Discretization#
Here we will describe Invert4Geom approach to discretization. Discretization refers to the process of transforming something of continuous-value (smoothly varying) into a discrete form. For example, a Digital Elevation Model (DEM) is a discretized representation of the elevation of a landscape. Each grid cell of the DEM has a discrete value.
In Invert4Geom we are interested in modeling the geometry (i.e. relief, topography) of some geologic layer. This maybe to the geometry of the Earth’s surface (referred to as topography), the geometry of the Moho, or many other examples.
To do this, we must treat these geologic layers as density contrasts, separating materials of differing densities. For example, the Moho is the density contrast between the Earth’s crust and mantle, or the Earth’s surface, is terrestrial regions, is the density contrast between air and rock.
To discretize these density contrasts, we use a layer of adjacent, vertical, right-rectangular prisms, each assigned a density contrast value.
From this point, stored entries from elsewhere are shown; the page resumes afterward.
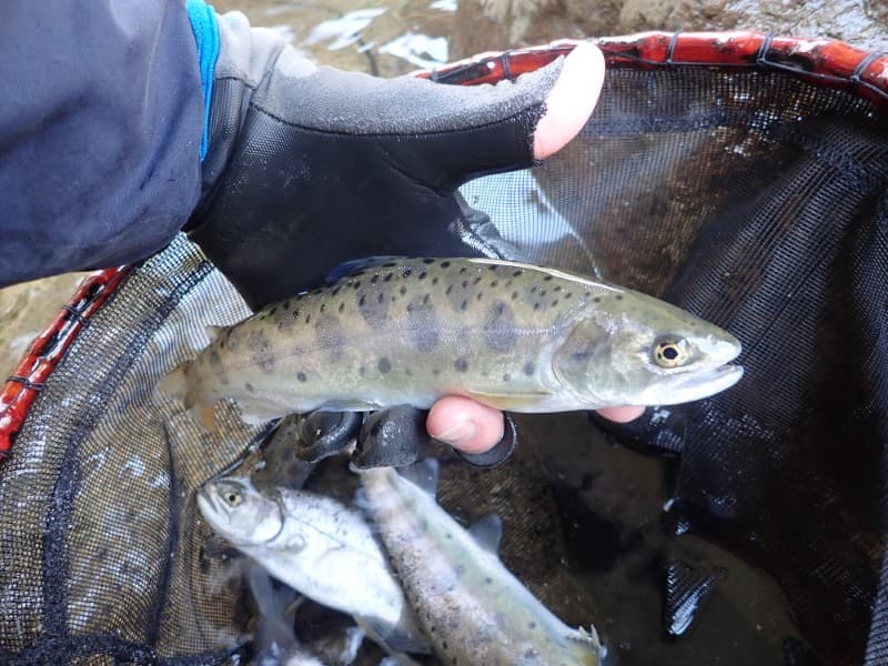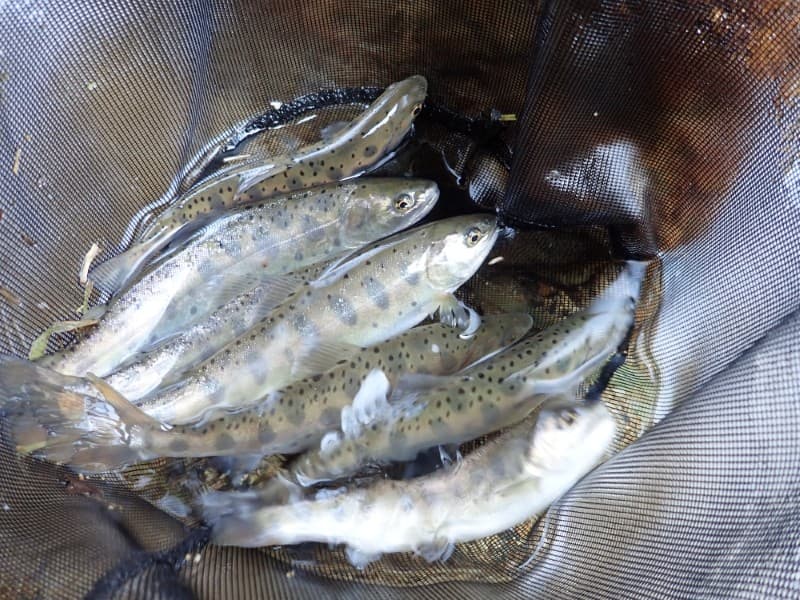 あっという間に放流されたヤマメたちは下流へと流されていってしまいました。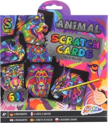 Vyškrabovacie obrázky, sada obsahuje 6 obrázkov a plastové pero na vyškrabovanie. Rozmery 21,5 × 21,5 cm. Vek 4+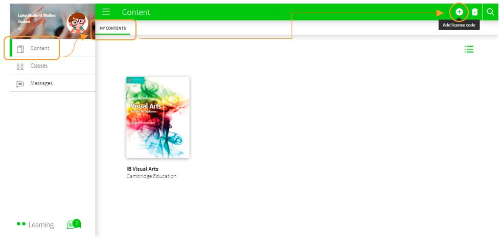 If you have new licence codes, you can add them to your profile at any time. To do so, go to the Content section, in the MY CONTENTS tab, and click on the + Add Licence Code button in the navigation bar.
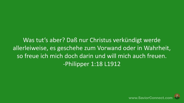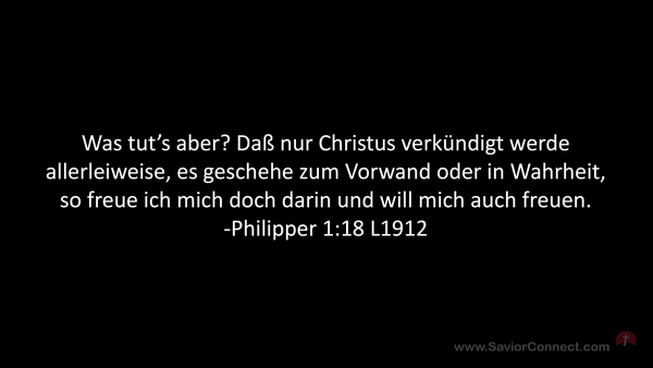 Was tut's aber? Daß nur Christus verkündigt werde allerleiweise, es geschehe zum Vorwand oder in Wahrheit, so freue ich mich doch darin und will mich auch freuen. -Philipper 1:18 L1912

This notebook walks you though how this discretization is achieved, using a synthetic dataset of topography.
Import packages#
[1]:
from __future__ import annotations
%load_ext autoreload
%autoreload 2
import xarray as xr
from polartoolkit import maps
from invert4geom import plotting, synthetic, utils
Create some topography data#
[2]:
# set grid parameters
spacing = 1000
region = [0, 40000, 0, 30000]
# create synthetic topography data
topography = synthetic.synthetic_topography_simple(
spacing,
region,
)
# plot the true topography
fig = maps.plot_grd(
topography,
fig_height=7,
# title="Topography",
# title_font="14p",
cmap="rain",
reverse_cpt=True,
grd2_cpt=True,
cbar_yoffset=1.1,
cbar_label="elevation (m)",
frame=["nSWe", "xaf10000+lEasting (m)", "yaf10000+lNorthing (m)"],
)
fig.show()
topography
[2]:
<xarray.DataArray 'upward' (northing: 31, easting: 41)> Size: 10kB
array([[637.12943453, 627.28784729, 617.55840384, ..., 428.39025144,
429.33158321, 430.64751872],
[632.95724141, 623.04617819, 613.24496334, ..., 422.67589466,
423.6241977 , 424.94987872],
[629.2139621 , 619.27333357, 609.41212904, ..., 417.59868139,
418.55317844, 419.88752006],
...,
[701.54094486, 692.82534357, 684.20926165, ..., 516.68829114,
517.52190298, 518.68725132],
[709.90739328, 701.33808009, 692.86661587, ..., 528.15742206,
528.97704204, 530.12283044],
[718.55151946, 710.13334959, 701.81130286, ..., 540.00720706,
540.8123708 , 541.93795008]])
Coordinates:
* easting (easting) float64 328B 0.0 1e+03 2e+03 ... 3.8e+04 3.9e+04 4e+04
* northing (northing) float64 248B 0.0 1e+03 2e+03 ... 2.8e+04 2.9e+04 3e+04Discretize the topography as a prism layer#
This will convert each topographic grid cell into the a vertical prism. Each of these prisms is define by a top and a bottom.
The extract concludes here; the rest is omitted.